The drawback of this approach is the common problem with lambdas: if you directly use it as the connect() argument, you completely lose any reference to it, so there is no way to specifically disconnect from that function, unless you disconnect all functions for that signal (or the whole object).

Lambdas can be referenced to, though:

        header = my_view.verticalHeader()
        header.setDefaultSectionSize_ = lambda s: header.setDefaultSectionSize(s)
        spinbox2.valueChanged.connect(header.setDefaultSectionSize_)

With the code above, you can disconnect the function, since you now have a persistent reference to it.

Using a method

This is similar to the above, with the difference that we create a specific method to handle that, assuming that you keep a reference to the header (or, better, the view):

        spinbox2.valueChanged.connect(self.updateMyViewSectionSize)

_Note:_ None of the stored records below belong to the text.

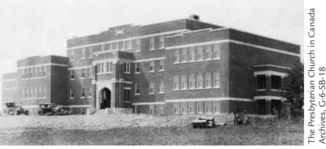
Birtle Residential School, 1931

For more than a century and a half, from the mid-1800s until 1996, Aboriginal children in Canada were separated from their families and communities to attend residential schools in an effort to assimilate them into mainstream culture. The Indian Residential School Settlement Agreement has identified 139 such
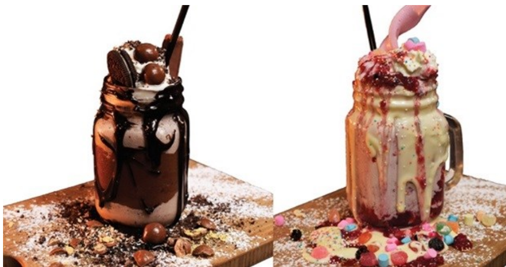
The Jackie Brown/slow death by chocolate and Cindy/Candylicious freak shakes.

I went with two of the specials advertised on the table – first, the Instagram-must ‘candylicious’ freak shake. It’s a swirly pink concoction in a Consol mug just brimming with whipped cream, hundreds and thousands, a twist of pink Fizzer and swirls of berry syrup. It’s also dotted with berry-flavoured Jelly Tots and dripping melted white chocolate down the side of the glass, both inside and out, just asking to be licked up with a finger. It got a few admiring glances on its way to our table, as did the neighbouring table’s chocolate version, the aptly named ‘slow death by chocolate’ – there’s also a ‘peanutology’ version, brimming with peanut butter, malted chocolate balls and more.
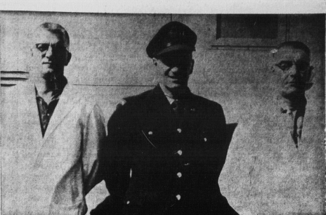
MOBILE LAB VISITS MONTAGUE
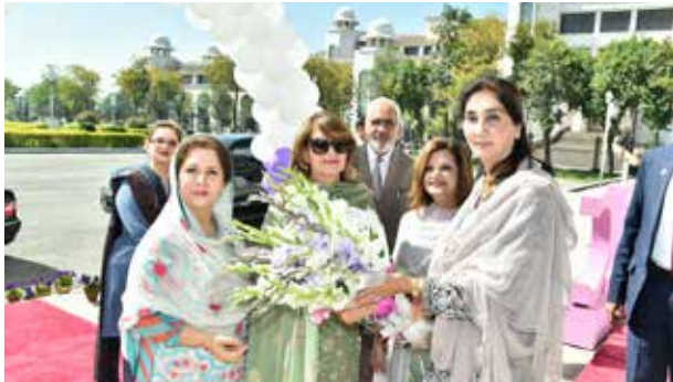
Bouquet being Presented to the First Lady

The opening session of the conference, chaired by the First Lady Mrs. Samina Alvi, was initiated on 1st April 2019 at National Library of Pakistan which is a research library and an oldest cultural institution located in the vicinity of the Constitutional Avenue, Islamabad, Pakistan. The day included a series of speeches, activities and presentations to provide girls with opportunities to learn, grow and succeed.
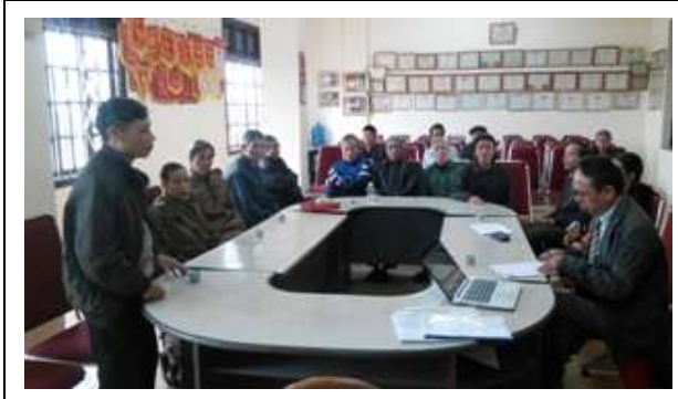
Photo9. Consultation meeting in Quang Minh commune, Dong Anh district, Ha Noi city, dated November 30 th 2013
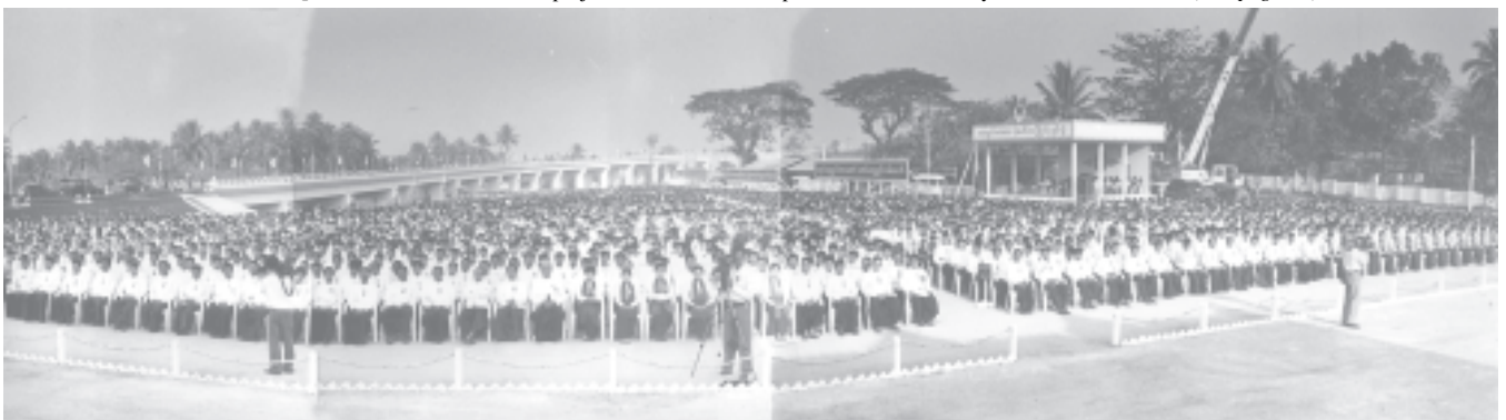
Guests and local residents at the opening of Thanlwin Bridge (Mawlamyine) spanning Thanlwin River. The bridge is the longest and the largest facility of its kind in Myanmar.
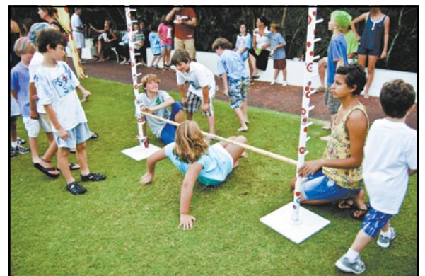
How low can you go? Fun at Kids' Rock the Block.
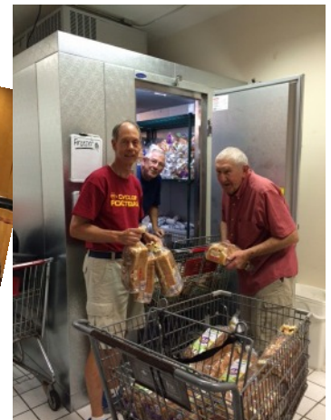
Walk-in Freezer, Burk Foundation Grant
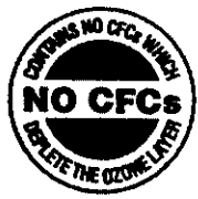
[For Reviewer: Optional - CFCs logo]

www.CBProProducts.com [For Reviewer: Optional text]
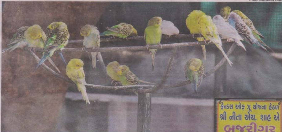
Visitors usually adopt birds as their upkeep is not expensive. Under Friends of Zoo programme the name of the adopter is displayed prominently (inset)
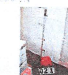
Seco Reflector and
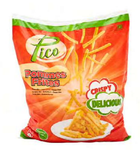
PICO 2.5 KG
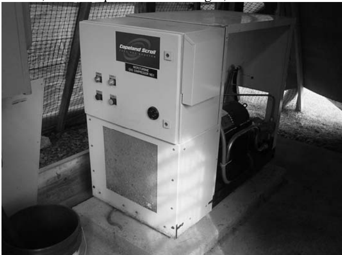
MT #1 Gas Compressor
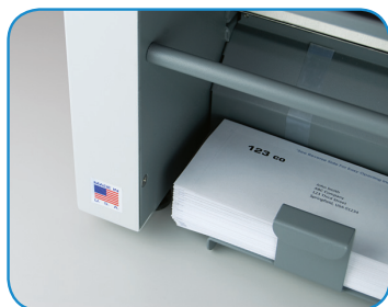
Proudly made in USA
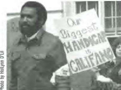
Machinists' leader supports Washington demonstrators

Ultimately the most important thing about the 504 sit-ins, rallies and meetings is the fact that they achieved federal civil rights coverage for Americans with disabilities for the first time, and the basis was laid for the ADA years down
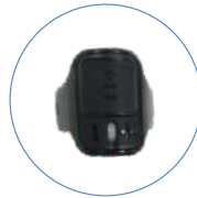
Wireless PTT POA121
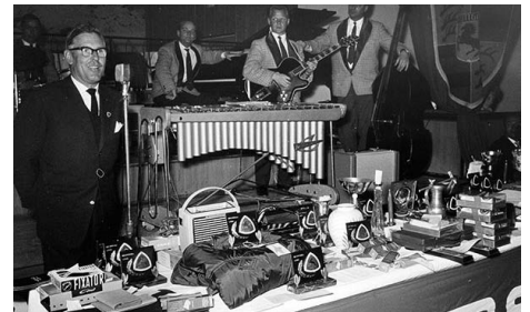
1961: Price giving ceremony at the Zürs event in 1961
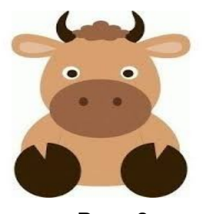
Page 2 Rev. 9/2021
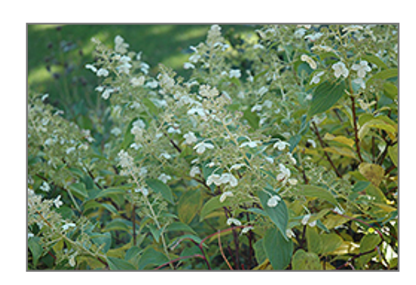
Kyushu Hydrangea flowers

A showy upright medium-sized shrub prized for its upright spires of mixed sterile and fertile white flowers in mid to late summer, blooms well in shade; somewhat coarse in appearance, regular pruning recommended, needs slightly acidic well-drained soil
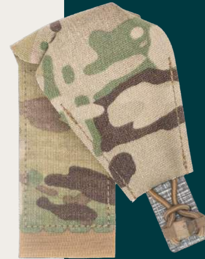
Retention Flap and Silent Tuck Tab
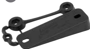
Tapered pad. Aids rope alignment for 432-012, 432-015, 432-016, 432-018, 432-026 (818) PA

    def updateMyViewSectionSize(self, size):
        self.my_view.verticalHeader().setDefaultSectionSize(size)

It might be a bit more verbose, but it’s also a better approach, since it consider the dynamic nature of verticalHeader() and provides public access to a function you may need to call in other cases.

Explicitly set the header

This is a trick I normally use for the delegate issue mentioned above: whenever I need to get some info from the delegate based on its initStyleOption(), I just create a new "dummy" delegate; since it has been created in Python, the problem doesn’t occur anymore.

The same works for this case too: create and set a dummy header view.

        my_view.setVerticalHeader(QHeaderView(Qt.Vertical, my_view))

Note that both the orientation and arguments are mandatory, and that the above should always be done as soon as possible (right after the table widget has been created).


I would still suggest you to file a report in the Qt bug tracker, hoping they will be able to fix it at least for PySide6 (PySide2 will probably be ignored, but you never know).